Kazakhstan | Pain after the worst mining accident in the country’s history





(Karaganda) “There are so many funerals, I can’t attend them all.” In front of the Karaganda mosque, Arman Kassimov, a miner, mourns in front of the body of one of his colleagues killed this weekend during the worst mining accident in the history of Kazakhstan.




Carried by around ten men, the remains arrive on the esplanade, while women cry out in pain as the procession passes.

“He was a good guy who you could count on, he gave advice to everyone,” Mr. Kassimov remembers in the autumn drizzle.

With around a hundred people, the young man attended the funeral of Erbulat Adampayev, who had celebrated his 53rd birthday two weeks ago and lost his life in the explosion of the Kostenko mine on the night of Friday to Saturday .

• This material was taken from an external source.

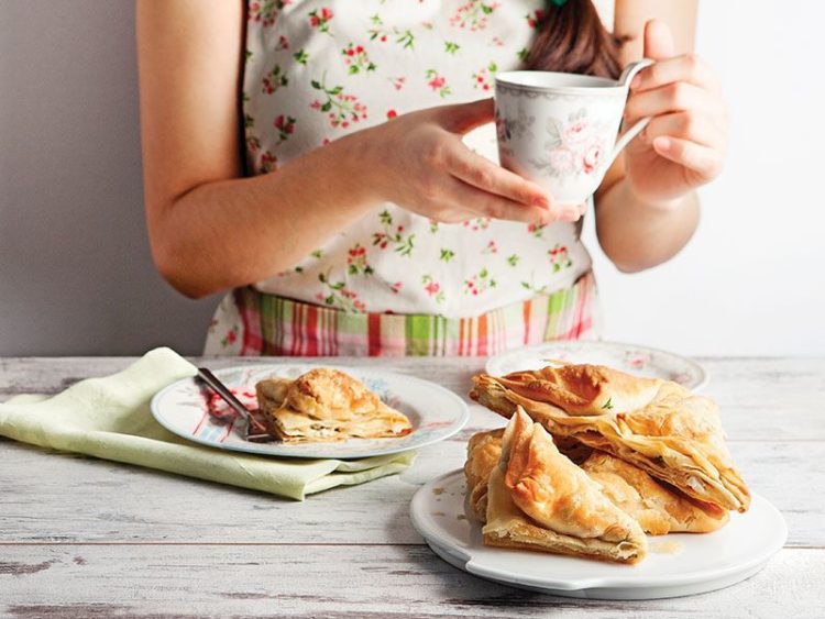 - Yufkaların üzerine ayçiçek yağı sürün..

With 45 dead and one missing who will probably not be found alive according to rescuers, this new tragedy on an ArcelorMittal site has put this immense country in Central Asia into mourning.

“The mine is like a pact with the devil. You can support your family, but they take your life,” summarizes Arman Kassimov.

Because in this industrial region, working in the mines is one of the rare ways to receive a salary slightly above average, but at a high price.


PHOTO AGENCE FRANCE-PRESSE

The arrival in Kazakhstan in 1995 of ArcelorMittal took a time away from the dark years of the 1990s when water, heating and electricity were lacking.

The arrival in Kazakhstan in 1995 of ArcelorMittal took a time away from the dark years of the 1990s when water, heating and electricity were lacking.

But the repeated accidents have highlighted the breaches of safety standards in an already particularly dangerous mining area.

“Zero Level Security”

On the northern outskirts of Karaganda, where the steppe begins, a wreath of flowers is placed at the entrance to the Kostenko mine, while rescuers were still busy looking for the last missing miner on Monday.

From the outside, little seems to have changed here since the fall of communism.

At the top of the easels, red stars are still visible, just like on the walls several portraits of Vladimir Lenin, the founder of the Soviet Union, while this mine had been decorated with the eponymous order for his “highly productive and devoted”, according to the established terminology.

Immediately after the accident was announced, the Kazakh government announced that it had reached a preliminary agreement with ArcelorMittal to take control of the local subsidiary, which the group confirmed.

The steel giant was already in the hot seat, while ArcelorMittal’s Kazakh mines had already swallowed up more than a dozen miners in less than a year in this central province of this resource-rich former Soviet republic. natural.

“If there are often tragedies, it means that security is at zero level,” laments Marat Mirguaïazov, representative of a miners’ union.

And this even though ArcelorMittal, headed by Indian businessman Lakshmi Mittal and based in Luxembourg, repeated that it had done everything to improve security on its sites in recent years.

While waiting for future measures to be taken by the government, which promises to improve the working conditions of miners, the work of recognizing the bodies continued on Monday.

“Yesterday, a brigade leader had to go and identify the bodies found each time. It was hard to see him, his tears wouldn’t dry,” recalls Mr. Mirguayazov.

“We will have to do DNA analyses, the explosion was so powerful that you cannot recognize all the bodies,” he continues, while the blast swept away everything over two kilometers and only 14 miners were able to be buried.